Automated GUI Testing with CTest/CDash and Sikuli

Testing sofware with Graphcical user interfaces (GUIs) can be more challenging than testing command line software. This is because GUIs require a mouse or other human interface system to drive them. Tesing a GUI involves being able to record human interactions and play them back later. There are a variety of tools available for GUI testing, but many are constrained to a particular platform, GUI toolkit or development language. There are also many commercial GUI testing tools. In this blog we will look at an open source solution for GUI testing called Sikuli. In particular we will look at how it can be driven from CTest and used to populate a CDash dashboard. The example project we will present is testing a Vista GUI written in Delphi for OSEHRA.

About Sikuli

Sikuli is an open source cross-platform project released under the MIT License, that started as a project in the "User Interface Design Group" at MIT. It is a cross-platform GUI testing/automation tool that uses OpenCV to search the computer's screen for anchor images and Jython to control the mouse and keyboard to interact with what it finds.  This allows greater freedom when testing as you can interact with any GUI that can be seen on a computer screen. 

For a more detailed look at the workings of Sikuli look at the design documentation.

Sikuli's source code is available on Github:

IDE:  https://github.com/RaiMan/SikuliX-IDE

API:  https://github.com/RaiMan/SikuliX-API

A typical Sikuli "script" is a folder with ".sikuli" in the name create by the Sikuli IDE .  The folder usually contains a few common pieces:

  • a Python file containing commands, used when running the script
  • An HTML file that mirrors the Python file, used for display in the IDE
  • A series of PNG files which are used as arguments for commands used in the OpenCV searching.  

The Sikuli website has many demonstration videos with example scripts created with the IDE.

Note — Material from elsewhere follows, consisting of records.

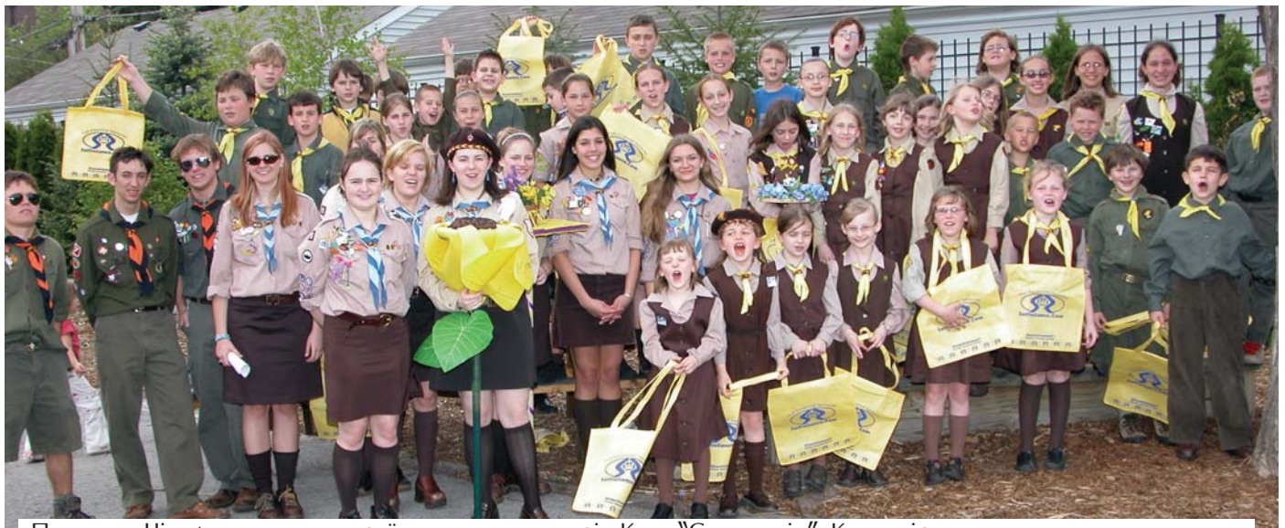
Пластуни Чикаго пишаються своїми подарунками від Каси "Самопоміч". Кредитівка щороку допомагає нашим українським організаціям молоді у їхній праці. При цій нагоді на потреби Пласту передано 5000 дол. Members of Plast in Chicago show off the gifts they received from Selfreliance. The credit union provides ongoing, generous support to the Ukrainian youth organizations. At this event Plast received a check for $5000.

Shown are the children's Dynamo teams with the mascot of the Chicago Fire.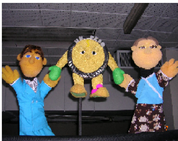
Escena de cierre de la obra de títeres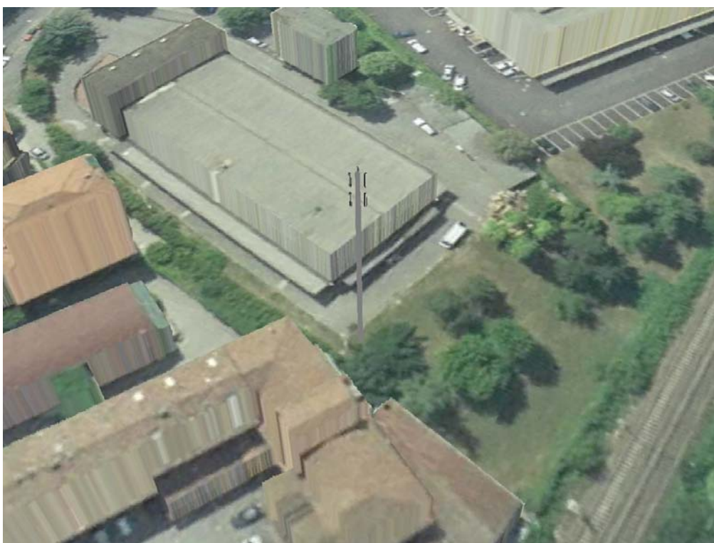
Figura 2 – Inserimento di una Stazione Radio Base nel modello tridimensionale della città

Il gestore, nella documentazione da allegare alla domanda di autorizzazione è tenuto ad inserire piante e prospetti, in scala opportuna, con indicate anche le direzioni di puntamento delle celle permettendone l'inserimento nel sistema 3D.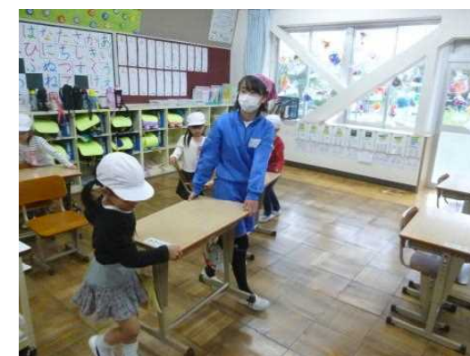
【1年生のところに「掃除のお手伝い」に行っています!】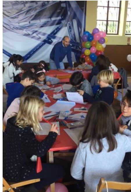
Concurso de Dibujo y Felicitación de Navidad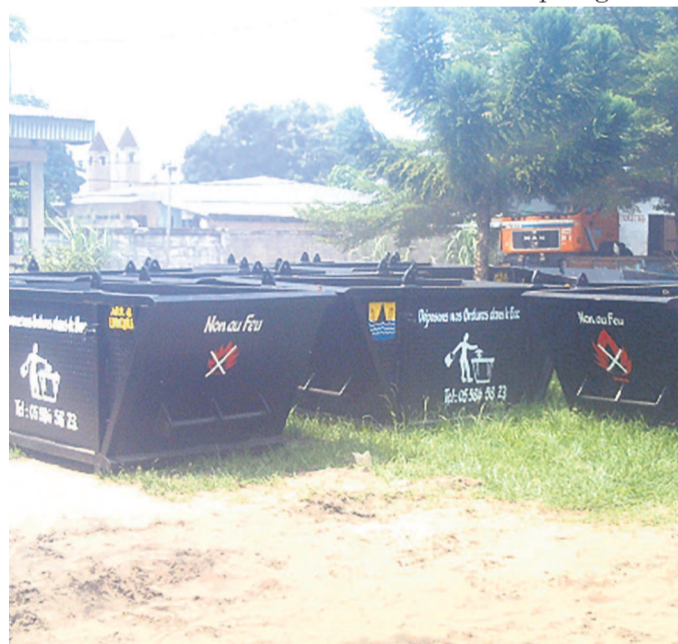
Une vue des bacs à ordures

Pour les populations, c'est un ouf de soulagement car ces bacs à ordures ont été conçus pour elles, avec des écrits et des pictogrammes marqués en vue de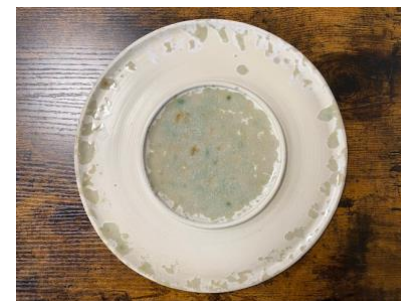
SATURNO - MOON GLAZED INSIDE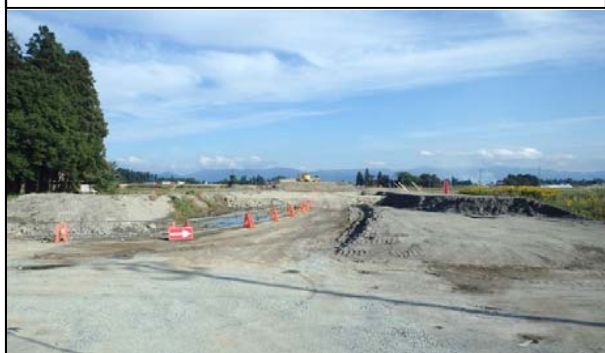
川西町西大塚 地内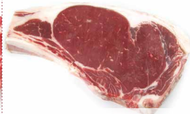
Chuletón cortado 325 ± 25 / 400 ± 50 / 500 ± 50 gr

The screenshot below is the OSEHRA Sikuli script in the Sikuli IDE.  It shows the the commands that will be run, dragDrop or doubleClick, and then the image arguments which go with those commands.  The wait_click is a user-created function to reduce the number of commands needed.  The function does what the name describes: it waits for each image to appear on screen before clicking on it.  

 

To see Sikuli in action watch this video:

The video shows the two run modes options that are available from the IDE. The “slow-motion” mode of Sikuli flashes those red circles around the mouse to denote that a matching object is found on the screen.  The slow motion mode is excellent for initial object finding, but quickly becomes a hassle when using right-click.  The circle overlay acts as a new window which would close a right-click menu, removing the found object and stopping the script.  At 0:30 into the video, the video transitions to show the regular speed actions of Sikuli.

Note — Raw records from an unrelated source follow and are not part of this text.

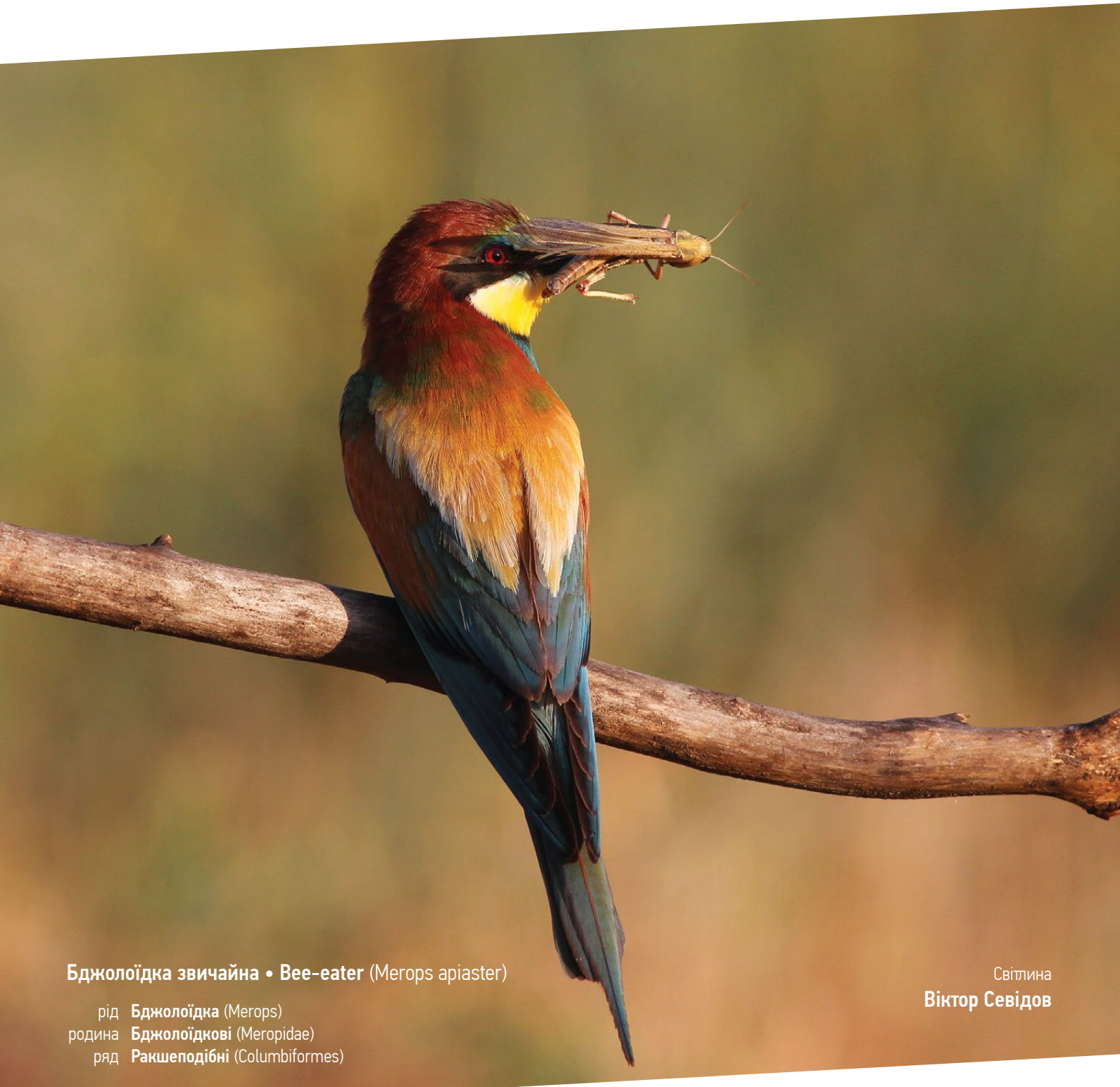
Бджолоїдка звичайна • Vee-eater (Merops apiaster)

рід Бджолоїдка (Merops) родина Бджолоїдкові (Meropidae) ряд Ракшеподібні (Columbiformes)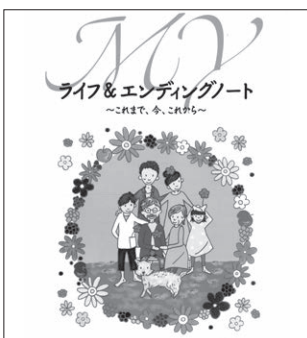
エンディングノート

城山公民館では、今後とも多方面と連携して、時代と市民ニーズに合わせた講座を企画してまいりますので、どうかご期待ください。(小池)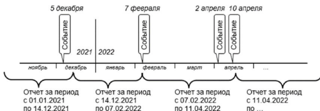
Рисунок 1. Схема определения даты окончания периодов оперативной отчетности

На рисунке 1 представлена схема определения даты окончания периодов оперативной отчетности.

These steps utilize the x1.0-rc3 version of Sikuli.

The downsides to Sikuli

The use of screen captures as the input for finding components can lead to some trouble.  Differences in the window styling on different platforms or changing the resolution of a monitor can lead to objects not being found.  Sikuli's keyboard and mouse control during a test run require that the computer not be in use when tests are running. This is good for dedicated test machines and nightly test runs. However, for testing during development, it can be disruptive to the development process not allowing the developer to multi-task during the test runs.

Sikuli integration with CTest/CDash

To integrate Sikuli with CTest for automated testing, we will utilize Sikuli's command line signature to run scripts.   We will demonstrate the integration of a Sikuli test into a project, with the code needed in the CMakeLists.txt and in the Python file of the Sikuli test.  It will cover a few major points:

  • Necessary steps in a CMakeLists.txt file
  • Code  in Sikuli's Python file
  • Running and reviewing tests

The following blocks show the required code.

Key: 

Commands found in CMakeList.txt
Command found in Sikuli Python script
Capture of Command LIne
 
In CMakeLists.txt

First, use a find_program command to locate the sikuli-ide file to run and, if necessary, find the path to any executables that going to be tested.

find_program(SIKULI_EXECUTABLE sikuli-IDE.bat sikuli-IDE.sh DOC "Path to the sikuli-IDE file" HINTS "C:/Program Files/Sikuli X/" "C:/Program Files (x86)/Sikuli X/" "/usr/local/")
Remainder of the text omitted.